Roam various job sites ✓
Update résumé ✓
Customize cover letter ✓
Send in application ✓
Rinse & repeat.
There are a number of things that sound more appealing to me than looking for a job. Netflix isn’t going to watch itself. And if you’ve taken a peek at my ‘about’ page, you’ll see that this blog has been a welcome distraction. But at the end of the day, there’s just no avoiding the dreaded job hunt. It’s a necessary evil that will, hopefully, guide me to a great company and a fulfilling career.
Which sounds totally great. Yet, as a 24 year old, who’s been looking for 5 months and has a master’s degree, I’m still on the hunt.
All the women, who broke & job-less – throw your hands up at me!
In the past couple of years, I’ve really tried to make a conscious effort to minimize my whining and worrying.
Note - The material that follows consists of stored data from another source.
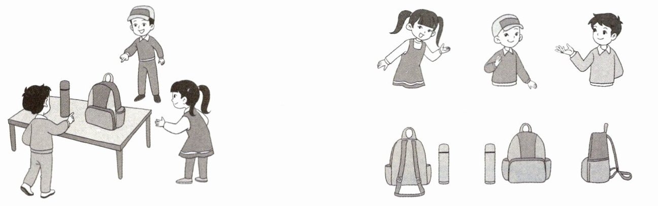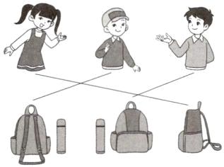 1. 桌子上放着书包和水杯。右面几幅图分别是谁看到的?连一连。
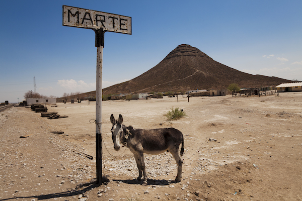 Ivan Puig and Andrés Padilla Domene. Donkey on Mars [Burro en Marte], 2013; digital pigment print; 37.25 x 52.75 in. Courtesy of the Artist and apexart, New York.
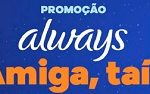 Conheça a Promoção Always 2021 amiga taí e saiba como ter a chance de ser contemplado com R$ 10 mil. O mais legal dessa promoção é que serão distribuídos como brindes créditos de R$ 10,00 para celular. Não deixe de garantir as suas chances de ser contemplado.
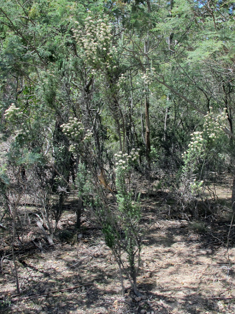Other notes: Woody shrub to small tree with the smaller branches and side stems ending as spikes. The horticultural potential of this plant lies in its ability to attract bees, butterflies and birds with its sweet-scented flowers.
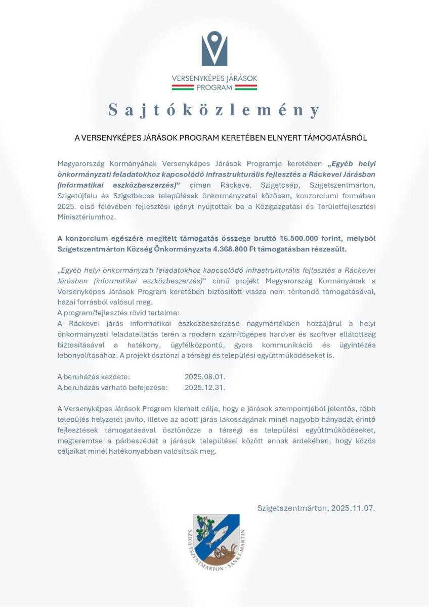 Sajtóközlemény - Egyéb helyi önkormányzati feladatokhoz kapcsolódó infrastrukturális fejlesztés a Ráckevei Járásban (informatikai eszközbeszerzés)
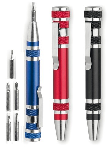 Multiherramienta de aluminio de 6 accesorios en variada gama de vivos colores metalizados. Con cuerpo anti deslizante y clip metálico. Incluye 6 cabezales destornilladores planos y de estrella. 6 Accesorios
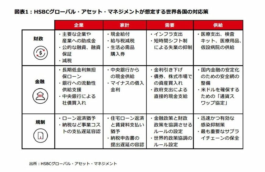 世界各国の政策当局は、実体経済において現金不足が生じれば、避けられるべき事業閉鎖や企業倒産が引き起こされかねないことを即座に認識し、そうした事態を防ぐことを最優先課題に据えている。

I’ve been told not to complain and dispute (Philippians 2:14) and not to worry (Matthew 6:25-34), so I have tried my hardest to do what the Word says.
Buuut I caved.
Being frustrated with my circumstances, I pulled out my journal and I vented to God. My job situation had been bothering me for a while, but I thought that by not vocally expressing my confusion and disappointment, I was successfully not complaining and worrying. I guess I forgot that whole “God knowing my heart” tidbit, so I wasn’t fooling anyone.
It wasn’t so much that I thought I should be awarded with a job based on how long I’ve been looking, because 5 months is nothing in comparison to the years that others have spent trying to land a job. It also wasn’t because I thought having a master’s degree should have opened doors sooner, because there are people with doctorates who are in the same boat as me.
I vented because there were opportunities that seemed so perfect and I was sooo close to landing them, but they just fizzled out. One opportunity in particular really had me stumped. The way in which this potential job came to be was nothing short of God’s favor and I pounced on it. But try as I might, that tree didn’t bear fruit. I couldn’t understand why God would orchestrate something so perfect, only for nothing to come of it.
After 3 pages of venting, I stopped and listened. Here’s what I got.
The Lord has blessed me more than I will ever know. He has placed all kinds of people in my life who pray for me, send me job leads, and have been so encouraging. He needs me to use this time of waiting to further prepare myself for what’s to come. He needs me to be expectant, but also patient. And He needs me to apply 1 Thessalonians 5:16-18 to this and everything in my life. Short and sweet. So unlike my journal vent and this blog post.
So, I don’t have anything yet. But I will. I’ll keep roaming, networking, updating, customizing, sending, and waiting. And along with that, I’ll keep praying, expecting, patiently waiting, obeying, and believing that what God has for me, I’ll have.